Extracted data entries
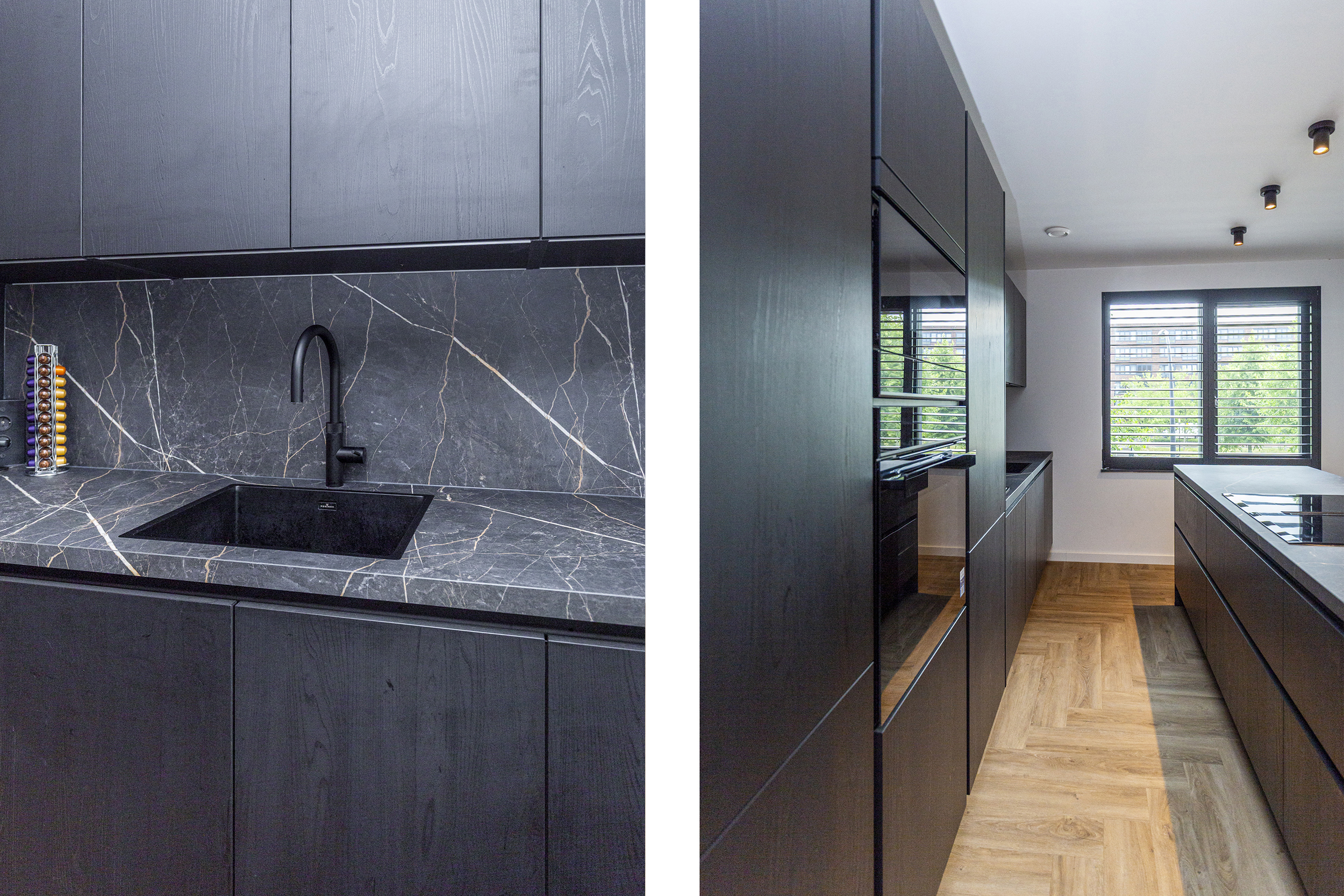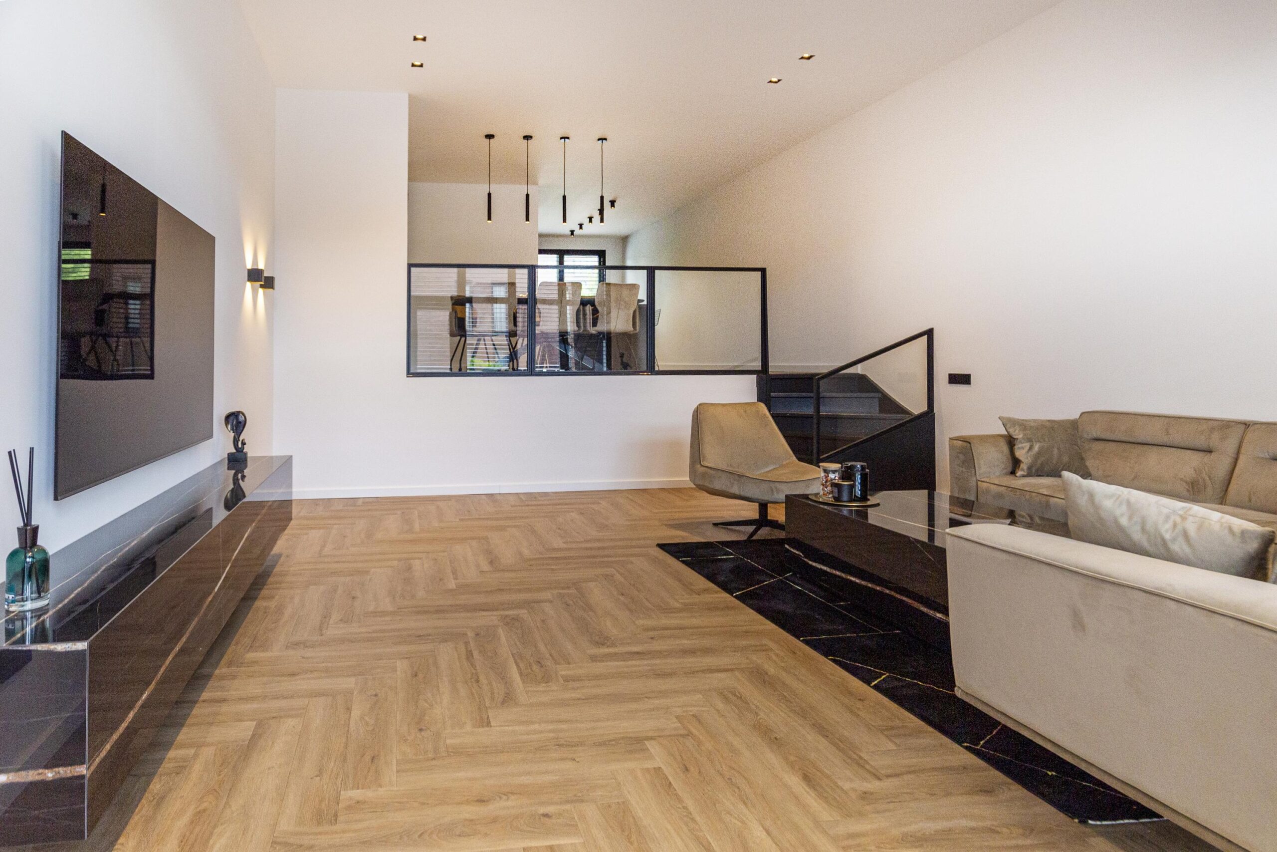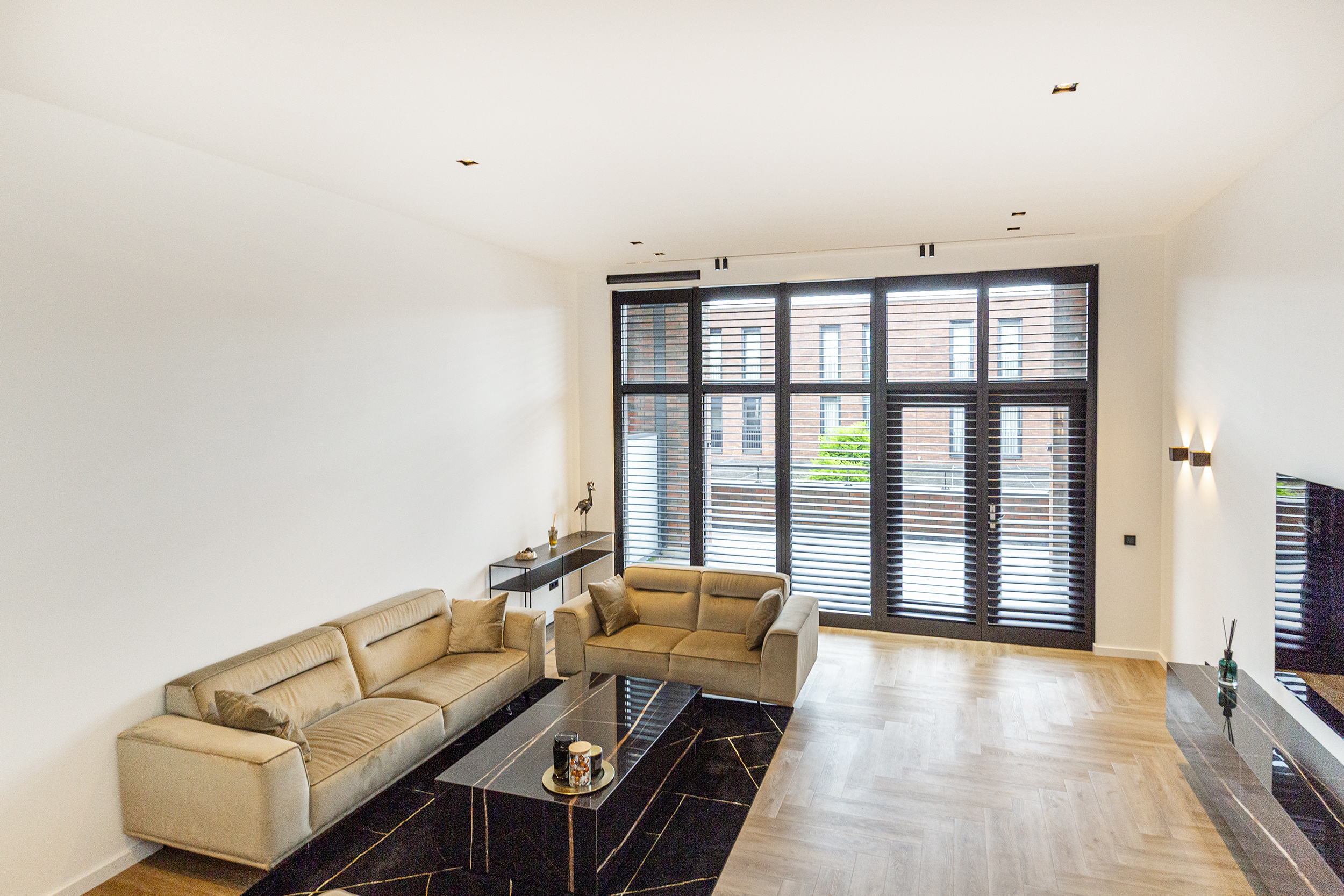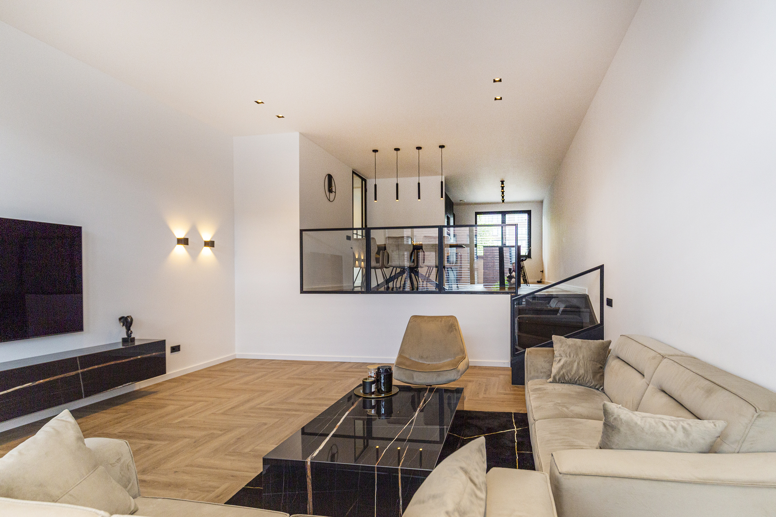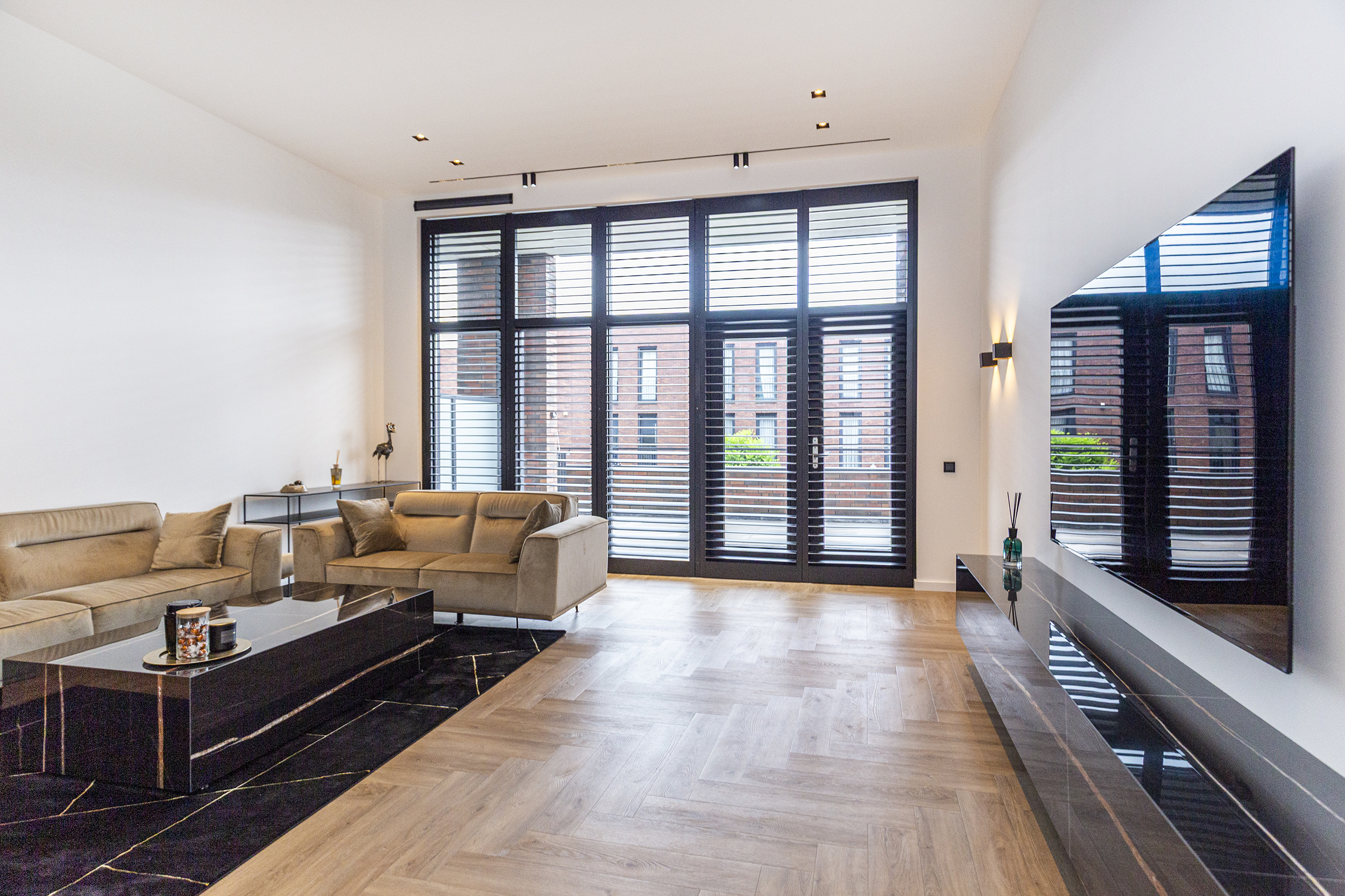 Vanuit de hal heeft u toegang tot de eetkamer. De open keuken is luxe afgewerkt met Siemens inbouwapparatuur, waaronder een combi oven-magnetron, vaatwasser, Quooker en inductiekookplaat met afzuiging geïntegreerd in de kookplaat. Het kookeiland met barretje biedt een gezellige plek om te koken en te ontspannen. De woonkamer is een opvallend ruime en lichte ruimte, dankzij de riante raampartijen. Het verlaagde plafond is voorzien van inbouwspots en moderne railverlichting. De woning is verder luxe afgewerkt met shutters in zowel de woonkamer als de keuken, wat de sfeer van het geheel versterkt.
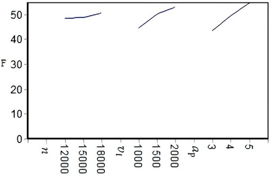 The milling performance during the machining process is notably influenced by a diverse array of milling parameters. Table 8 precisely presents the alterations in the milling force, F, under the different spindle speed, n, feed rate, vf, and axial milling depth, ap.
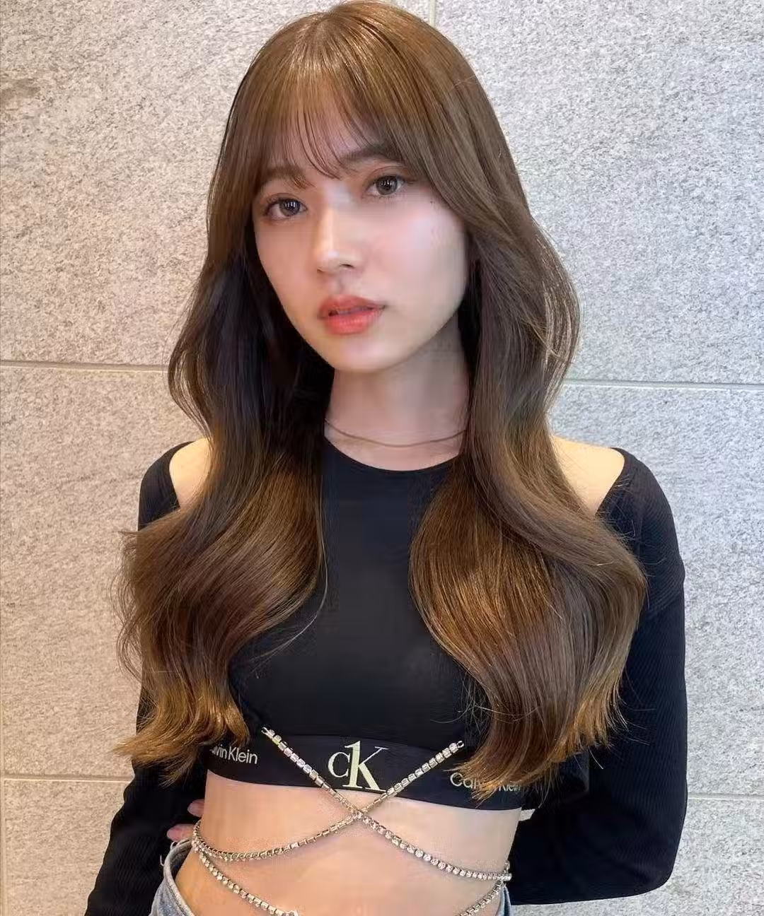 這款八字劉海可以與長卷發更緊密的貼合在一起,重點遮擋住了太陽穴的區域以及一小部分的顴骨,用來讓臉部曲線顯得更加緊致。
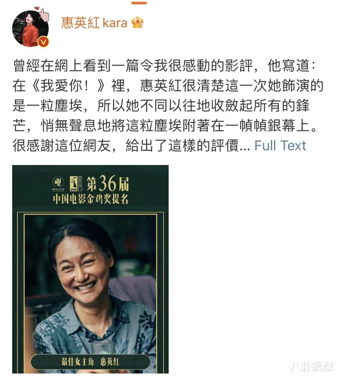 最近,金鸡奖预开奖名单公布,恭喜去年的新晋“影后”惠英红又获得提名~
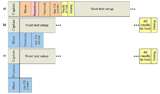 图 4. 这里显示的三种测试选择的测试时间开销:(a) 串行执行流,(b) 批量捕捉与后处理方案,(c) 实时处理。
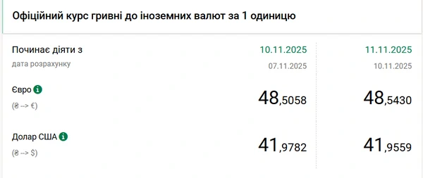 Официальный курс доллара на 11 ноября 2025 года установлен на таком уровне: 41,9559 гривны за 1 доллар (-0,02 грн).

Your task
Return exactly the lines from the line with "The milling performance" through the last line of the data above, both included; pictures do not go in the answer.

Solution to the problem
 The milling performance during the machining process is notably influenced by a diverse array of milling parameters. Table 8 precisely presents the alterations in the milling force, F, under the different spindle speed, n, feed rate, vf, and axial milling depth, ap.
 這款八字劉海可以與長卷發更緊密的貼合在一起,重點遮擋住了太陽穴的區域以及一小部分的顴骨,用來讓臉部曲線顯得更加緊致。
 最近,金鸡奖预开奖名单公布,恭喜去年的新晋“影后”惠英红又获得提名~
 图 4. 这里显示的三种测试选择的测试时间开销:(a) 串行执行流,(b) 批量捕捉与后处理方案,(c) 实时处理。
 Официальный курс доллара на 11 ноября 2025 года установлен на таком уровне: 41,9559 гривны за 1 доллар (-0,02 грн).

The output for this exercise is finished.